■ Activity: For this task, copy all of the data below exactly and skip the pictures.

■ Data entries:
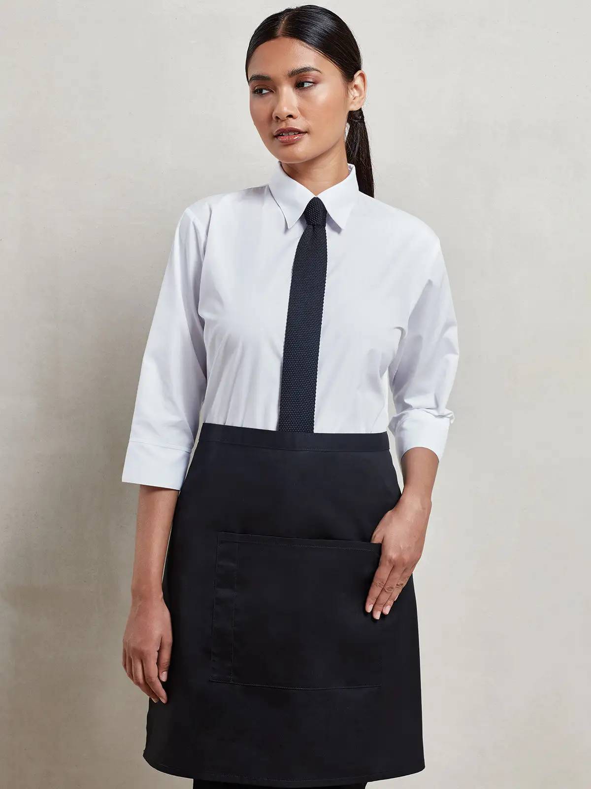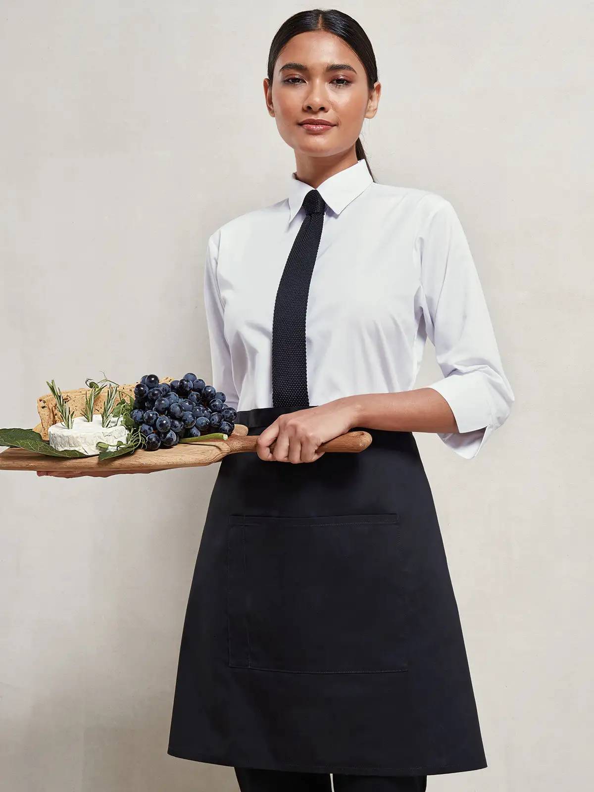 65% Poliestere riciclato, 35% Cotone. Grembiule a vita in policotone riciclato, di lunghezza media, tasca centrale larga 23 cm e lunga 22 cm, taschino integrato per la penna, lacci dello stesso tessuto, larghezza 70 cm, lunghezza 50 cm. Denim: 70% Cotone, 30% Poliestere riciclato 265gr.
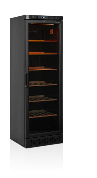 Встраиваемый винный шкаф Tefcold CPV1380E черный отличается прекрасным соотношением цены и качества и идеален для хранения и демонстрации вина, будь то в пабе, баре, ресторане или супермаркете. С помощью панели управления в верхней части холодильного шкафа легко установить температуру для белого или красного вина. Холодильник поставляется с шестью регулируемыми деревянными полками для вина. Также имеется возможность добавить проволочные полки для выделения определенных бутылок.
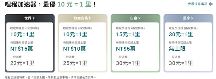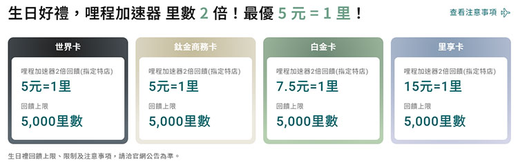 一般消費:30元=1哩;生日當月里程加速器消費享2倍回饋
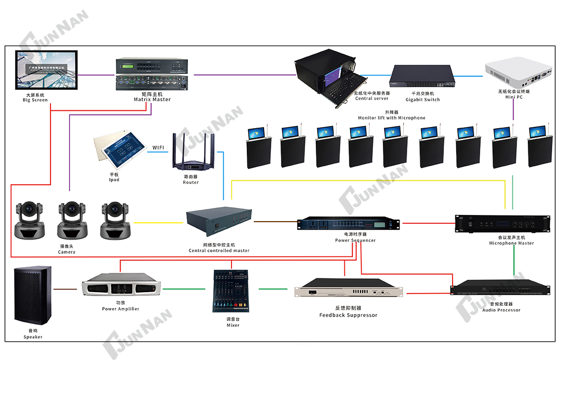 2)支持多会议管理功能,支持多会议室合并召开同一会议,或者一个会议室召开不同会议,或者不同的会议室召开不同的会议;
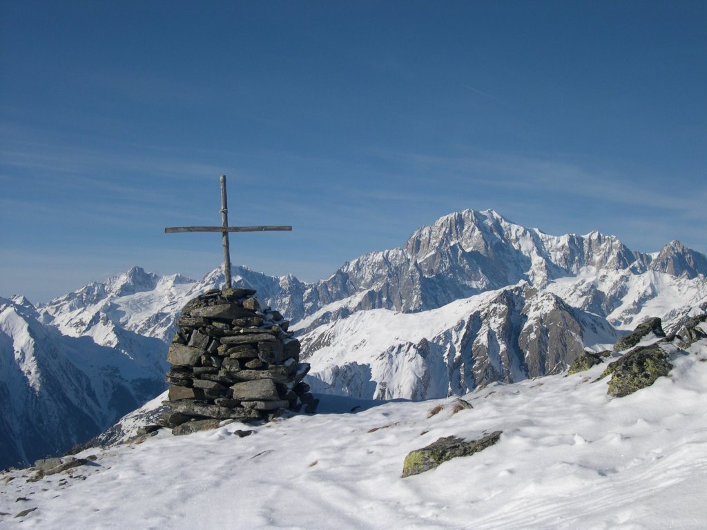 Huge glaciers descend from the massif, dropping from 4,000 metres down to 1,300–1,400 metres, with lengths reaching 20 km. On the Italian side, the Aiguille Noire de Peuterey (3,773 m) stands out, an elegant spire along whose ridge runs one of the most famous and demanding climbing routes: the Peuterey Ridge, leading to the summit over a 6 km stretch.
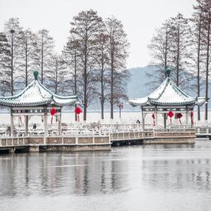 1月15日拍攝的武漢黃鶴樓景區雪景(無(wú)人機照片)。
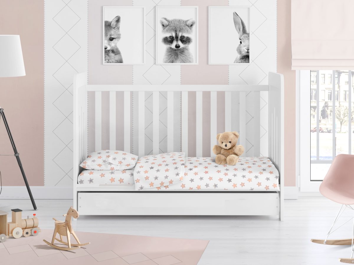 Σετ 3 τεμαχίων που περιέχει: Βρεφικά Σεντονάκια 120Χ160 κούνιας 2 τεμ. και 1 τεμ Μαξιλαροθηκη 35Χ45.Ύφασμα βαμβακι 100% TC 144 Εμπριμέ με χαρούμενα χρώματα και παραστάσεις-Συσκευασία Δώρου Κουτί Πολυτελείας
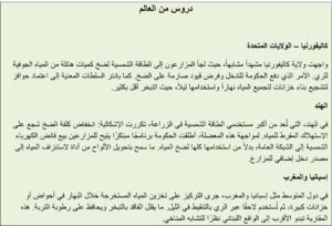 4. تبني مفهوم Water-Energy-Food Nexus في التخطيط الزراعي، بحيث يُنظر إلى المياه والطاقة والغذاء كقطاعات متكاملة.
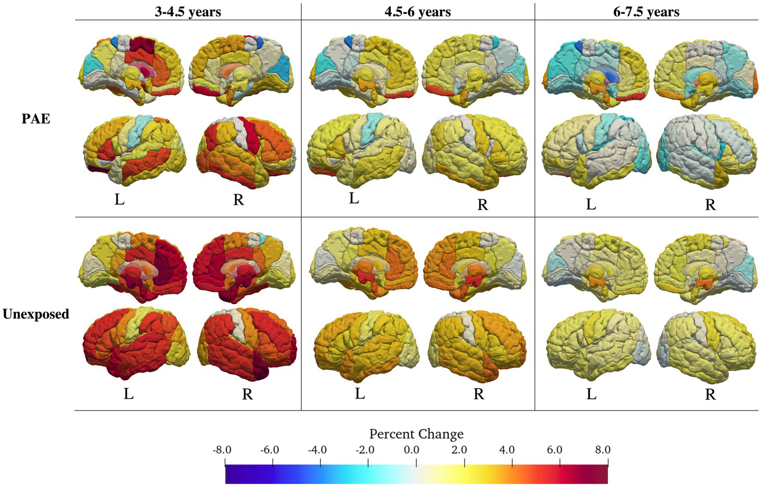 | Region | 3–4.5 years | 4.5–6 years | 6–7.5 years | 3–4.5 years | 4.5–6 years | 6–7.5 years | PAE | Unexposed | Difference (unexposed-PAE) | Average percent larger in Unexposed or (PAE) |
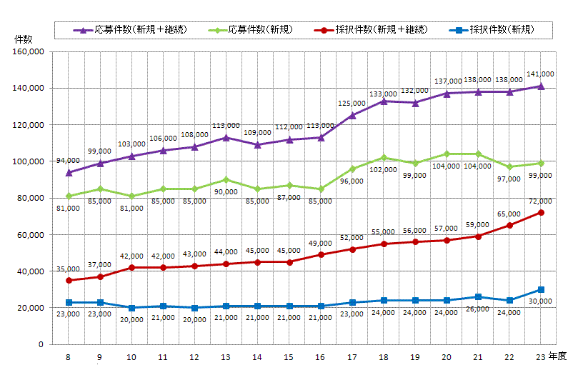 | 採択率(%) | 28.3 | 27.1 | 24.8 | 24.3 | 23.9 | 23.1 | 24.6 | 23.7 | 24.8 | 24.0 | 23.5 | 24.3 | 22.7 | 24.9 | 24.7 | 30.4 |
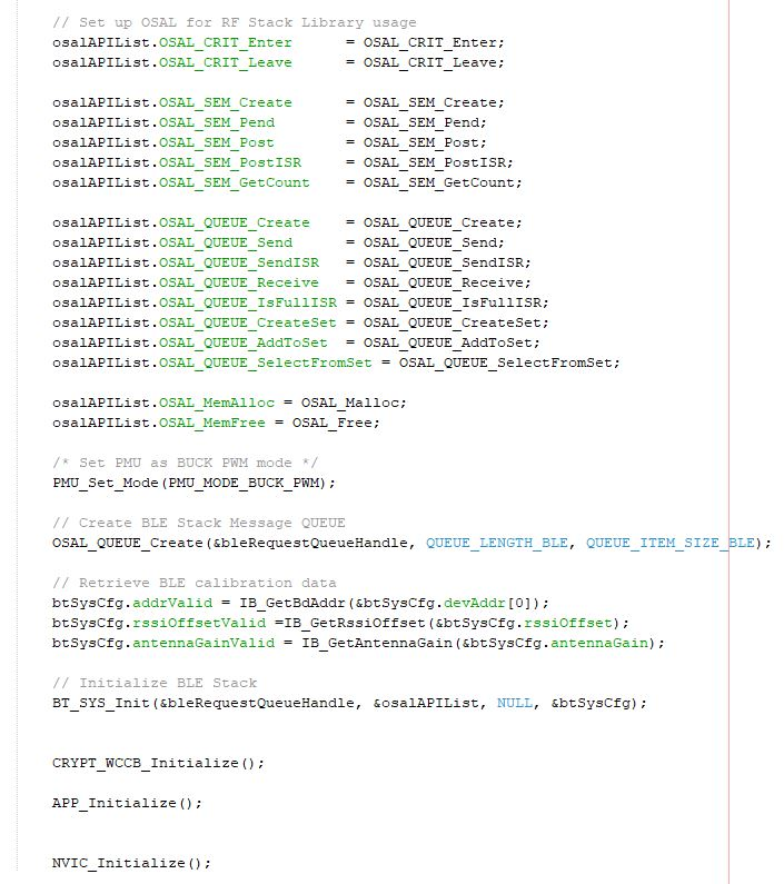 Initialization routines for OSAL, RF System, and BLE System are auto-generated by the MCC. See OSAL Libraries Help in Reference Documentation from Related Links. Initialization routine executed during program initialization can be found in the project file.
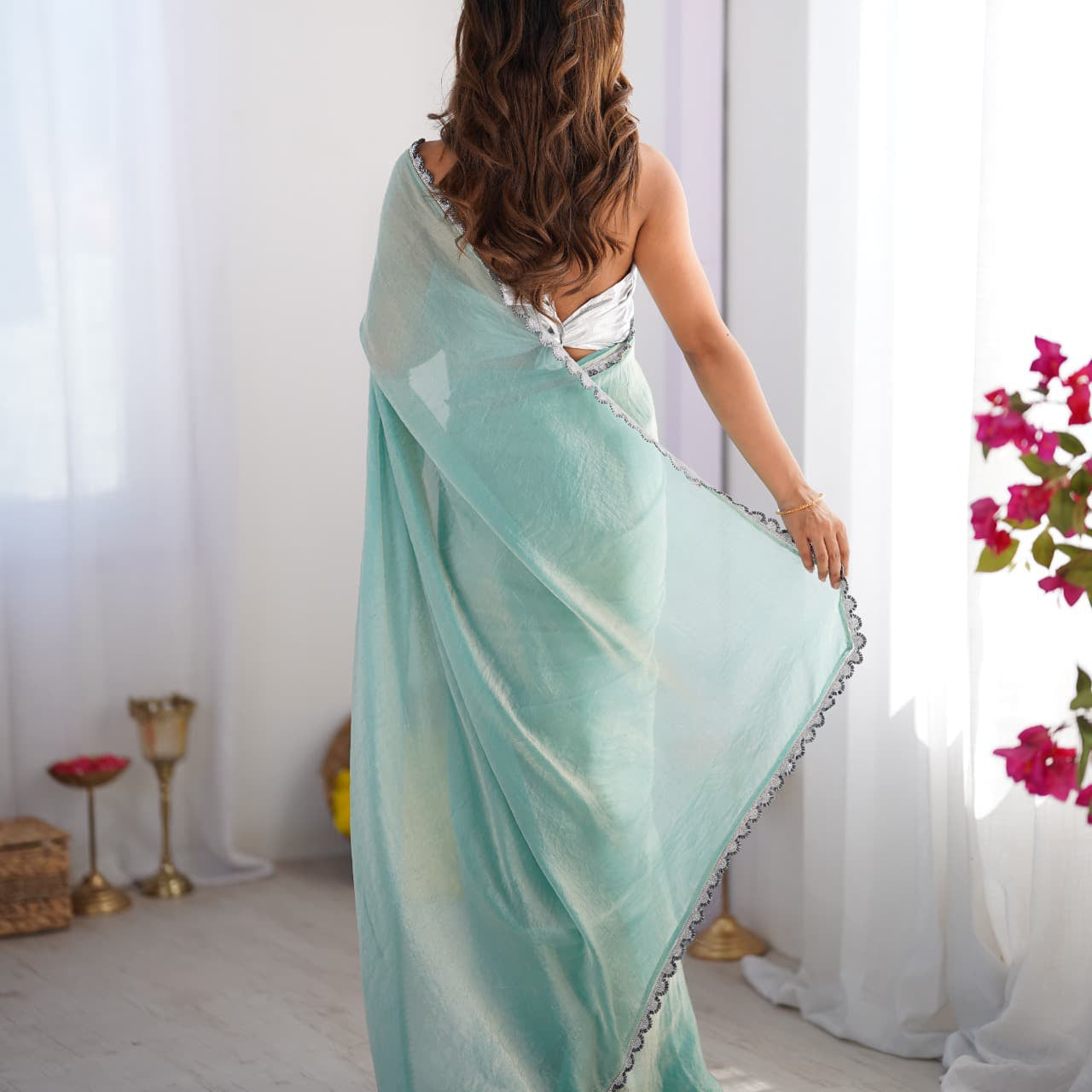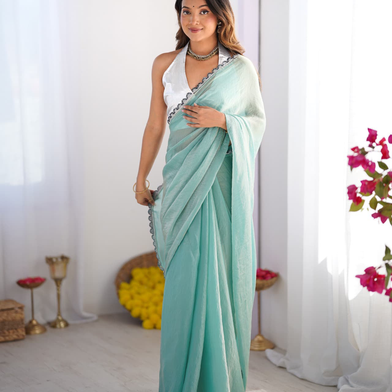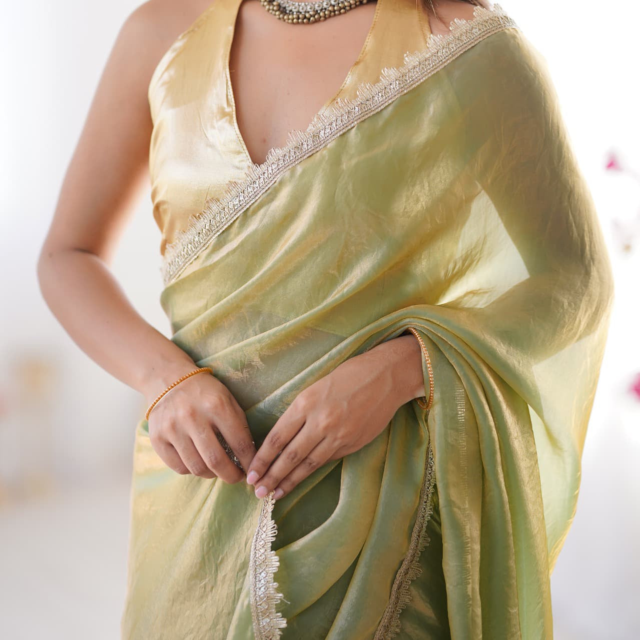 Pista Satin Organza Saree
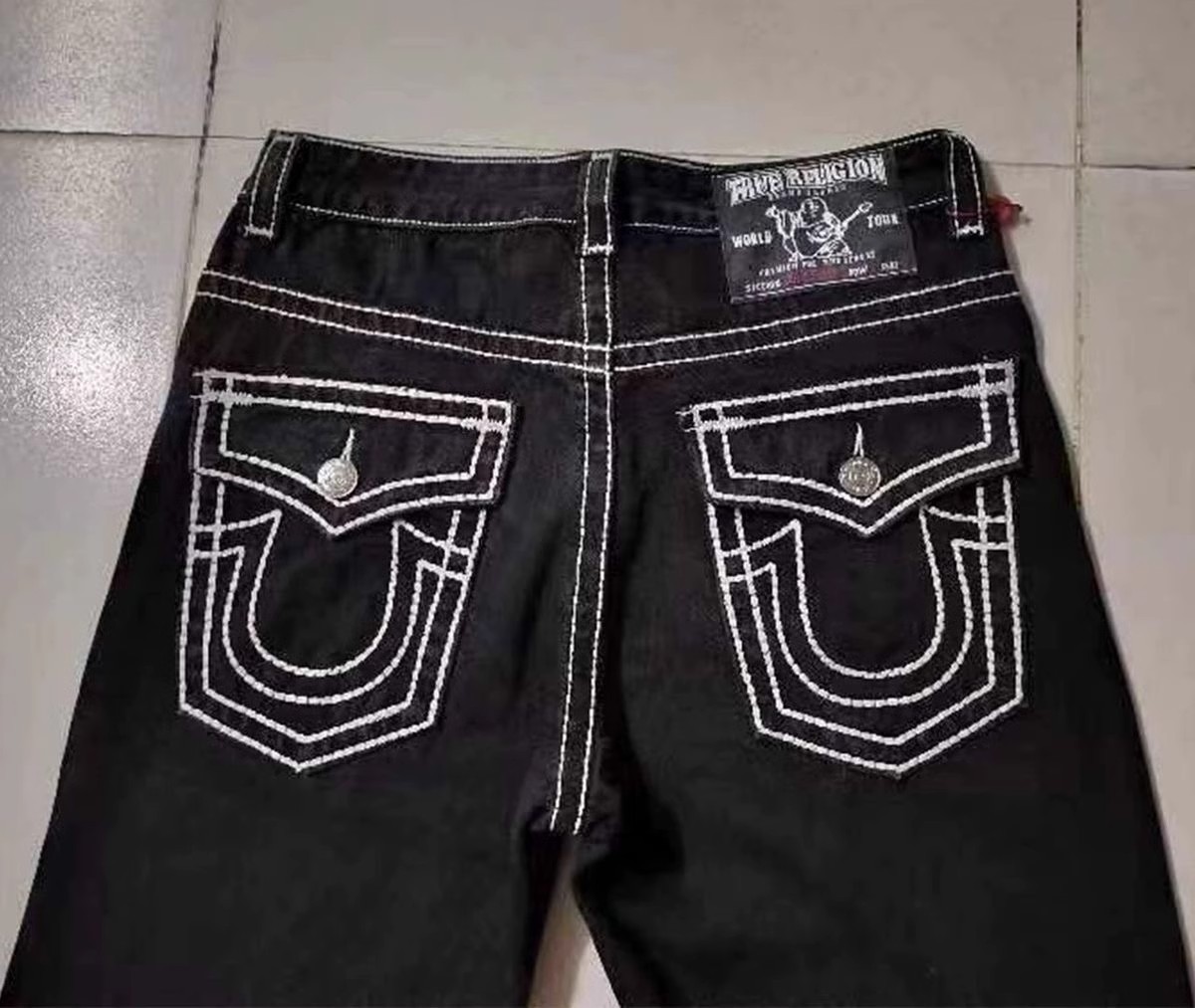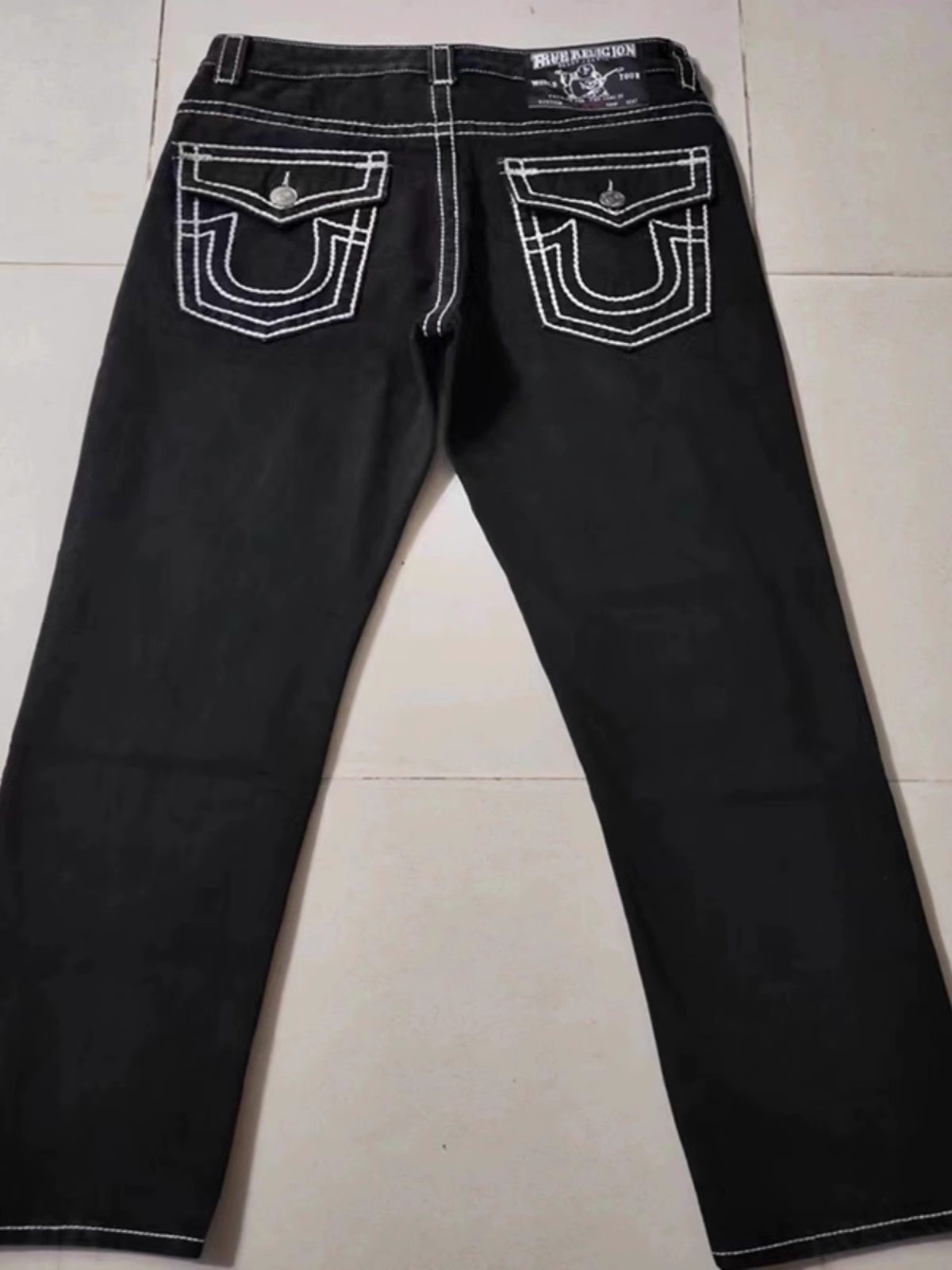 Трансграничная электрическая коммерция, американская улица, высокая улица, джинсы, белые толстые линии, большие Будда, прямые брюки Religion

■ Expected answer:
 65% Poliestere riciclato, 35% Cotone. Grembiule a vita in policotone riciclato, di lunghezza media, tasca centrale larga 23 cm e lunga 22 cm, taschino integrato per la penna, lacci dello stesso tessuto, larghezza 70 cm, lunghezza 50 cm. Denim: 70% Cotone, 30% Poliestere riciclato 265gr.
 Встраиваемый винный шкаф Tefcold CPV1380E черный отличается прекрасным соотношением цены и качества и идеален для хранения и демонстрации вина, будь то в пабе, баре, ресторане или супермаркете. С помощью панели управления в верхней части холодильного шкафа легко установить температуру для белого или красного вина. Холодильник поставляется с шестью регулируемыми деревянными полками для вина. Также имеется возможность добавить проволочные полки для выделения определенных бутылок.
 一般消費:30元=1哩;生日當月里程加速器消費享2倍回饋
 2)支持多会议管理功能,支持多会议室合并召开同一会议,或者一个会议室召开不同会议,或者不同的会议室召开不同的会议;
 Huge glaciers descend from the massif, dropping from 4,000 metres down to 1,300–1,400 metres, with lengths reaching 20 km. On the Italian side, the Aiguille Noire de Peuterey (3,773 m) stands out, an elegant spire along whose ridge runs one of the most famous and demanding climbing routes: the Peuterey Ridge, leading to the summit over a 6 km stretch.
 1月15日拍攝的武漢黃鶴樓景區雪景(無(wú)人機照片)。
 Σετ 3 τεμαχίων που περιέχει: Βρεφικά Σεντονάκια 120Χ160 κούνιας 2 τεμ. και 1 τεμ Μαξιλαροθηκη 35Χ45.Ύφασμα βαμβακι 100% TC 144 Εμπριμέ με χαρούμενα χρώματα και παραστάσεις-Συσκευασία Δώρου Κουτί Πολυτελείας
 4. تبني مفهوم Water-Energy-Food Nexus في التخطيط الزراعي، بحيث يُنظر إلى المياه والطاقة والغذاء كقطاعات متكاملة.
 | Region | 3–4.5 years | 4.5–6 years | 6–7.5 years | 3–4.5 years | 4.5–6 years | 6–7.5 years | PAE | Unexposed | Difference (unexposed-PAE) | Average percent larger in Unexposed or (PAE) |
 | 採択率(%) | 28.3 | 27.1 | 24.8 | 24.3 | 23.9 | 23.1 | 24.6 | 23.7 | 24.8 | 24.0 | 23.5 | 24.3 | 22.7 | 24.9 | 24.7 | 30.4 |
 Initialization routines for OSAL, RF System, and BLE System are auto-generated by the MCC. See OSAL Libraries Help in Reference Documentation from Related Links. Initialization routine executed during program initialization can be found in the project file.
 Pista Satin Organza Saree
 Трансграничная электрическая коммерция, американская улица, высокая улица, джинсы, белые толстые линии, большие Будда, прямые брюки Religion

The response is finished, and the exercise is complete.